In the past 30 days, the supply of the two largest stablecoins in terms of marketcap has increased by $10 billion. This, in turn, represents double the amount of funds from what has flowed into spot bitcoin price-tracking ETFs
Analysts at 10x Research suggest keeping a closer eye on indicators for this asset class than whether a certain level of capital is flowing into or out of cryptocurrency-related exchange-traded funds
Stablecoins will tell you how it is, not ETFs
The dynamic increases on the bitcoin price chart have actually been going on since October 2023. That's when the cryptocurrency market's euphoria over potential SEC approval of spot ETFs began to take hold. January brought us the approval of the US regulator and the launch of such exchange-traded funds. Since then, the price of BTC has risen by 60% as billions of dollars of capital from institutional investors began to flow into issuers.
News sites focusing on this market often analyze whether the last few days have brought another wave of inflows of funds to bitcoin ETF issuers or whether institutional investors are nonetheless abandoning this type of allocation to bitcoin.
Analyst firm 10x Research, however, points out that following ETFs does not reflect the actual state of demand in the cryptocurrency market. What really provides an indicator that gives a good picture of what the current mood is among this community relates to changes in the supply of key stablecoins.
We suggest paying less attention to bitcoin ETF flows. Stablecoin issuers are the new sheriff in town, driving the market upward
- states Markus Thielen, founder of 10x Research, in a new report.

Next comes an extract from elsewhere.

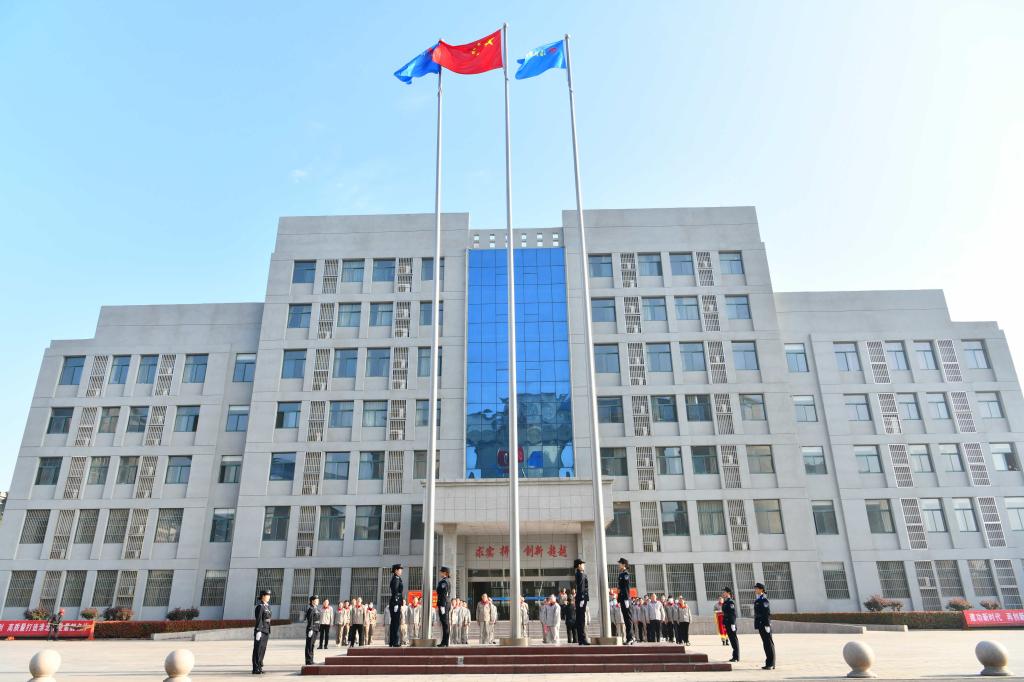 3月31日上午8时,在临选厂举行的四月份升旗仪式上,一支由物业公司女职工组建的女子升旗护卫队闪亮登场,她们统一身着制式服装,英姿飒爽,迈着整齐划一的步伐,庄严地护卫着国旗阔步走向升旗台。随着国歌声响起,擎旗手将手中的国旗朝空中奋力扬起,鲜艳的五星红旗冉冉升起,现场全体干部职工向国旗行注目礼。

Indeed, from it we learn that in the last 30 days the supply of USDT tokens from Tether and USDC tokens from Circle has increased by a combined total of nearly $10 billion. As for the smaller projects in this segment of the market, DAI issued by MakerDAO and FDUSD from First Digital also saw an increase in supply in the range of 5 to 10% during this period.

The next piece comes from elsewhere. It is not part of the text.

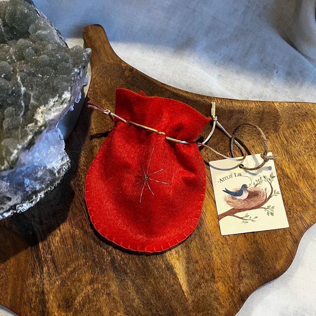 Saquinhos de feltro com detalhe em flores feito artesanalmente com bordado.

The largest of the stablecoins in terms of market dominance, the aforementioned USDT, rose by $2.4 billion over the past seven days. Such a jump in supply represents one of the largest weekly readings in a bull market.
Fiat money is being moved into cryptocurrencies at an accelerated pace. The stablecoin bump is doubled and, unlike ETFs, can only have exposure to the long term
- adds the analyst.
In contrast, only $5 billion has flowed into US exchange-traded funds (ETFs) focused on bitcoin over the past 30 days.